A sample of oxygen at 32◦C occupies 340 mL.
If this sample later occupies 1064 mL at 57◦C
and 1.2 atm, what was its original pressure?
P1*V1/T1=P2*V2/T2
P1= P2*V2*T1/(T2*V2)
change temps to kelvins, then get your calculator out.
To find the original pressure of the oxygen sample, we can use the combined gas law equation, which is as follows:
(P1 * V1) / (T1) = (P2 * V2) / (T2)
Where:
P1 = original pressure
V1 = original volume
T1 = original temperature
P2 = final pressure
V2 = final volume
T2 = final temperature
Given:
V1 = 340 mL
T1 = 32°C = 32 + 273 = 305 K
V2 = 1064 mL
T2 = 57°C = 57 + 273 = 330 K
P2 = 1.2 atm
Now, we can substitute the values into the combined gas law equation:
(P1 * 340 mL) / (305 K) = (1.2 atm * 1064 mL) / (330 K)

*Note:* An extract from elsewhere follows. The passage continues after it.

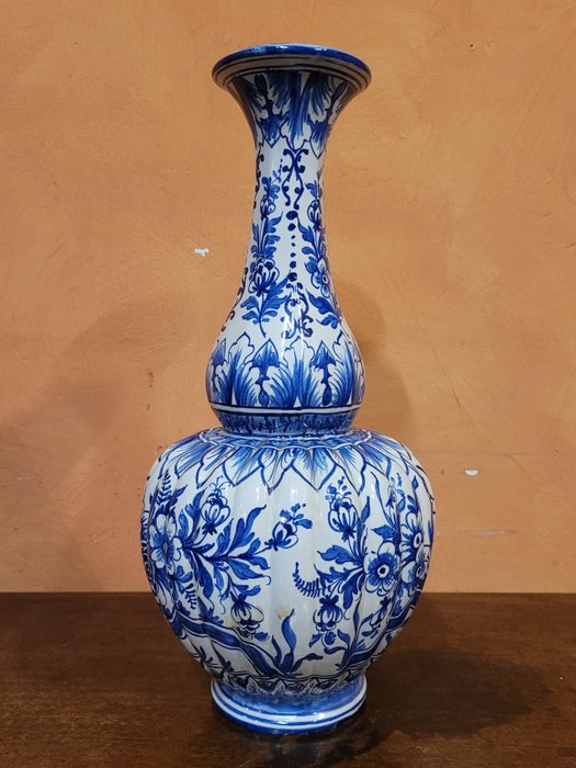 Witte keramieken vaas met blauwe motieven van Gualdo Tadino uit de eerste helft van de 20e eeuw met reigers.

To isolate P1, we can cross multiply:
(P1 * 340 mL * 330 K) = (1.2 atm * 1064 mL * 305 K)
Next, we can divide both sides by (340 mL * 330 K):
P1 = (1.2 atm * 1064 mL * 305 K) / (340 mL * 330 K)
Now we can simplify:
P1 = (1.2 * 1064 * 305) / 340
P1 = 122.784
Therefore, the original pressure of the oxygen sample was approximately 122.784 atm.